Spiced, oil-based, properly carroty — and topped with the cream cheese frosting that actually pipes. The kind of cake that gets better the day after it is baked.

Prep
25 min
Bake
30 min
Serves
12 slices
Difficulty
Easy

Plus 1h 30m cooling / chilling time

Method

  1. 1

    Preheat the oven to 175°C (155°C fan / 350°F / Gas 4). Grease two 20cm (8-inch) round sandwich tins and line the bases with baking parchment.

  2. 2

    Whisk the flour, baking powder, bicarbonate of soda, salt, cinnamon, nutmeg, and ginger together in a medium bowl. Set aside.

  3. 3

    In a large bowl, whisk the eggs, both sugars, oil, vanilla, and orange zest together until smooth and the sugar starts to dissolve into the wet mix — about 1 minute. The mixture should look glossy and slightly thickened.

  4. 4

    Add the dry ingredients to the wet in two additions, folding gently with a spatula until almost combined — a few floury streaks are fine. Fold in the grated carrot, walnuts, and sultanas if using. Stop as soon as everything is evenly distributed; over-folding gives a tough crumb.

  5. 5

    Divide the batter equally between the two tins (weigh after filling for even layers) and smooth the tops. Bake for 28–32 minutes, until golden, the tops spring back to a light touch, and a skewer in the centre comes out clean.

    Bake30:00
  6. 6

    Cool in the tins for 15 minutes, then turn out onto a wire rack. Leave to cool completely — at least 1 hour. Frosting a warm cake will turn the cream cheese frosting to soup.

    Cool60:00
  7. 7

    Make the cream cheese frosting (use a 1.5x batch of the recipe on cakeytops.co.uk). Place the flatter sponge upside-down on a stand or plate and spread roughly a third of the frosting evenly to the edges. Sandwich the second sponge on top, top-side up. Pile the remaining frosting on top and spread to cover, swirling with a palette knife. Sprinkle with extra chopped walnuts.

  8. 8

    Refrigerate for 30 minutes to set the frosting, then bring to room temperature for 20–30 minutes before slicing.

    Set frosting30:00

Baker's Notes

  • Grate the carrots yourself. Pre-shredded supermarket carrot is dry, coarse, and gives an unpleasant fibrous texture. Use the medium holes of a box grater for a fine, soft grate that disappears into the sponge.
  • Why oil? Oil makes a more reliably moist crumb than butter for carrot cake — butter sets firm in the fridge, where this cake is best stored. Sunflower or rapeseed are neutral; do not use olive oil.
  • Spice balance: cinnamon dominates traditional UK carrot cake, with nutmeg and a whisper of ginger for depth.
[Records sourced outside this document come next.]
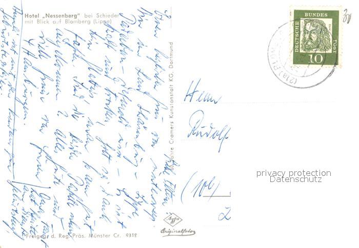 73105069 alte Postkarte Schieder-Schwalenberg Fliegeraufnahme Hotel Nessenberg postalisch gelaufen Erhaltung siehe scans [KathaD81] KatCode: 11110005766060
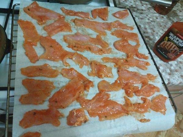 На маринаде написано, что достаточно 30 минут, но дело было в четверг, лениво было сушить, и поэтому на сутки закинул в холодильник. И так, помариновавшись сутки достаем мясо и размещаем его на противень на пергаменте. Тут две фоточки, одно с индейкой, второе со свининой. На одной как раз маринад.
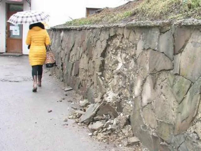 Ще одна небезпека - у стінці, яка втримує схил. Одну її частину полатали ще минулого року. Але місцями падає просто на тротуар, а тала вода ще більше зруйнувала її.
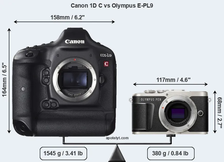 If the front view area (width x height) of the cameras is taken as an aggregate measure of their size, the Olympus E-PL9 is considerably smaller (69 percent) than the Canon 1D C. Moreover, the E-PL9 is substantially lighter (75 percent) than the 1DC. It is worth mentioning in this context that the 1DC is splash and dust resistant, while the E-PL9 does not feature any corresponding weather-sealing.
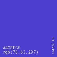 Цвет #4C3FCF в цветовой модели RGB обозначается тремя октетами (76, 63, 207) в десятичном формате и #4C3FCF в шестнадцатиричном (hex) формате, которые являются интенсивностью красного 76 (hex 4C), интенсивность зелёного 63 (hex 3F) и интенсивность синего 207 (hex CF).
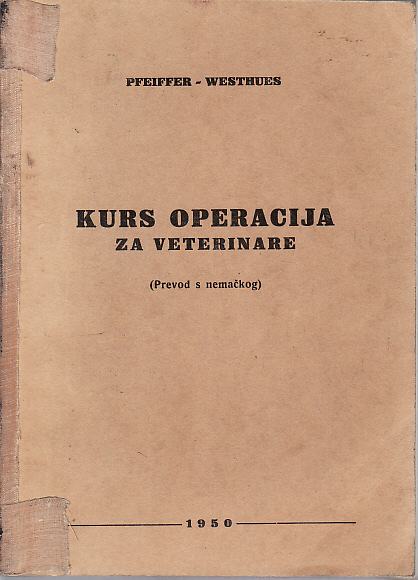 PFEIFFER - WESTHUES : KURS OPERACIJA ZA VETERINARE, IZDANJE VETERINARSKE UPRAVE JA 1950.
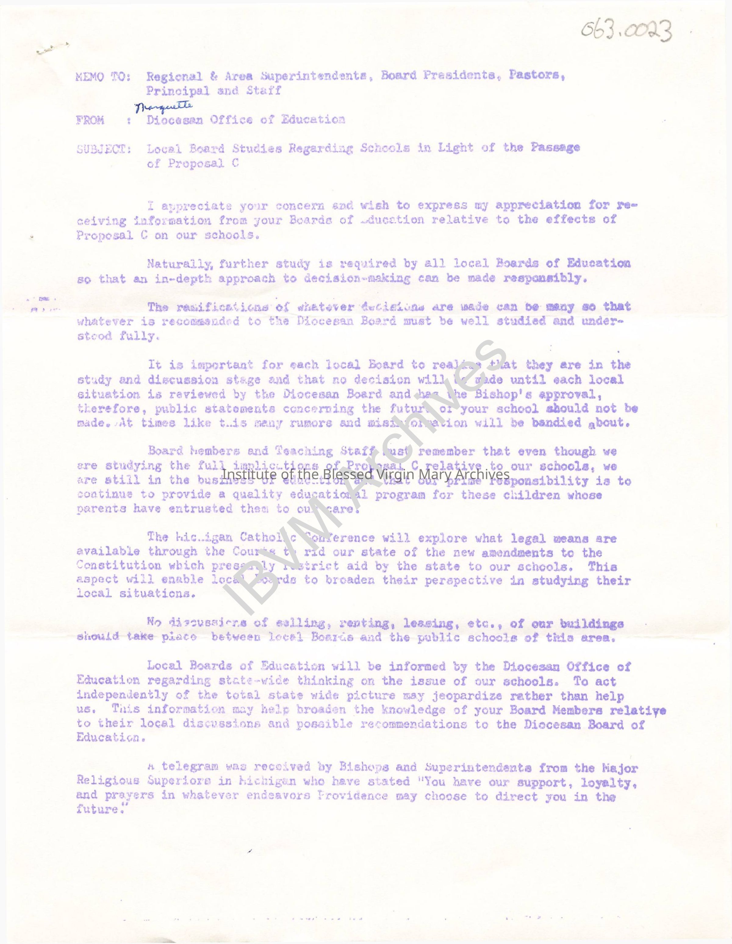 Letter sent by the Marquette Diocesan Office of Education to superintendents, board presidents, pastors, principals and staff in the area of Sault Ste. Marie. It discusses the potential effects of Proposal C on Catholic schools in Michigan, steps being taking and guidelines for how to proceed. The proposal was an amendment to the state constitution which restricted public funding to non public institutions. Ultimately, this led to the closing of several Catholic schools in Sault Ste. Marie and the creation of a new religious education program.
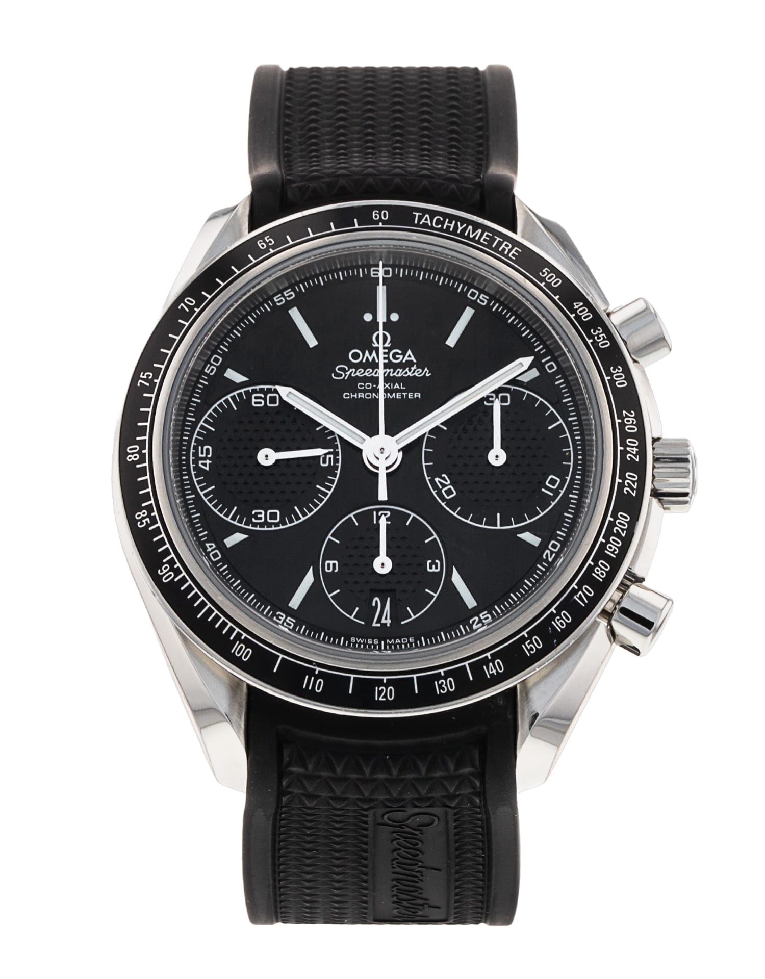 This Omega Speedmaster Racing 326.32.40.50.01.001 has a black baton dial and a rubber strap. This Omega has undergone a thorough inspection of accuracy, functionality and condition at our Omega certified service centre to determine the level of reconditioning required to meet our strict standards. It has also been checked against our records to ensure authenticity. All our watches have a 24-month warranty for your peace of mind.
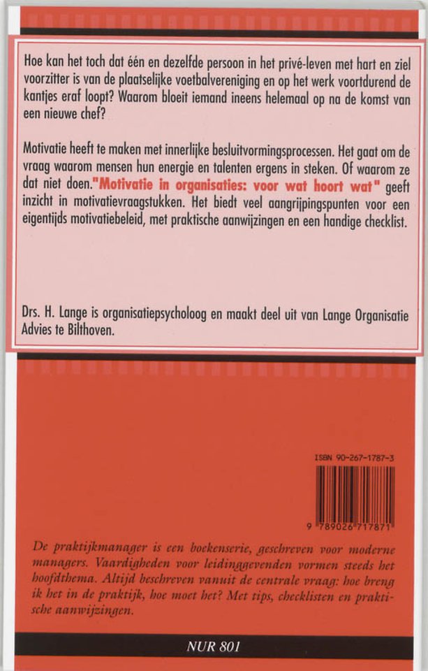 Hoe kan het toch dat een en dezelfde persoon in het privé-leven met hart en ziel voorzitter is van de plaatselijke voetbalvereniging en op het werk voortdurend de kantjes eraf loopt? Waarom bloeit iemand ineens helemaal op na de komst van een nieuwe chef? Motivatie heeft te maken met innerlijke besluitvormingsprocessen. Het gaat om de vraag waarom mensen hun energie en talenten ergens in steken. Of waarom ze dat niet doen. 'Motivatie in organisaties: voor wat hoort wat' geeft inzicht in motivatievraagstukken. Het biedt veel aangrijpingspunten voor een eigentijds motivatiebeleid, met praktische aanwijzingen en een handige checklist.
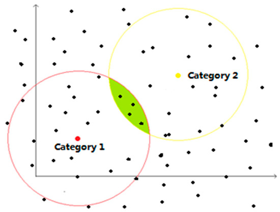 - Traversing all the samples in the sample dataset. All the samples belonging to category “1” are required to have a distance to less than , and the distance to greater than . At the same time, all the samples belonging to category “2” are required to have a distance to less than , and the distance to greater than . Samples that do not meet the requirements are rejected. Then, the new training set is = {, …, }, , , and Figure 3 shows the case when the number of clusters is 2 and 2 dimensions in the sample.

For an "American" carrot cake, double the cinnamon and add ¼ tsp ground cloves.
  • Sultanas optional: traditionalists love them, others find them a distraction. Soak in a little orange juice or warm water for 10 minutes if your packet has been open a while.
  • Storage: refrigerate, well-covered, for up to 5 days. Bring to room temperature for 20–30 minutes before serving so the cream cheese frosting softens. The unfrosted sponges freeze well for 3 months.
  • Traybake variation: bake the full quantity in a single 30×23cm (12×9-inch) tin at the same temperature for 35–40 minutes. Top with a single layer of frosting once cool — perfect for parties.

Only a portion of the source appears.